I'd love to see a variation of that study performed.
Create four sets of documentation.
Set A is beautifully done with illustrations, tightly organized. The
information is accurate. It's real bang-up job, one we'd all be proud
of.
Set B is text-only, no or few illustrations, and badly organized. The
information is accurate.
Sets C & D are just like A&B but the information is incomplete.

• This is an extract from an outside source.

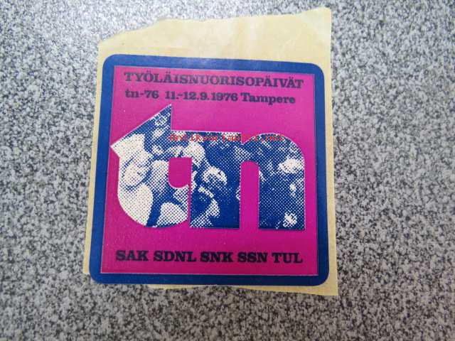 Työläisnuorisopäivät tn -76 11-12.9.1976 Tampere SAK, SDNL, SNK, SSN, TUL -tarra

Ask the users to rate the documentation sets. (Obviously the test is a
blind one, so they shouldn't be informed which manuals have complete
information and which do not.)
My guess is that they'd rate the docs A, C, B, D. The psychology of the
choice is that they would believe set B was incomplete and inaccurate,
because they wouldn't be able to locate the information in it readily. But
then, I've been wrong on these kind of things before, and I have to admit
I'm not *sure* that's the way they'd rate it. It's just a guess. That's why
I'd like to see the result.
My basis for it is that in my experience users will often vote one way with
their mouths, but another way with their actions. I can't honestly claim to
be much different, though. If asked "Do you want good-looking but
incomplete docs, or badly done but complete docs?" I'd probably say the
latter. But when it came down to using them, I'd probably judge them
equally unusable. (It would depend on how incomplete or how clumsy they
were. After all, what's the practical difference between "It's not in the
manual" and "I can't find it in the manual?")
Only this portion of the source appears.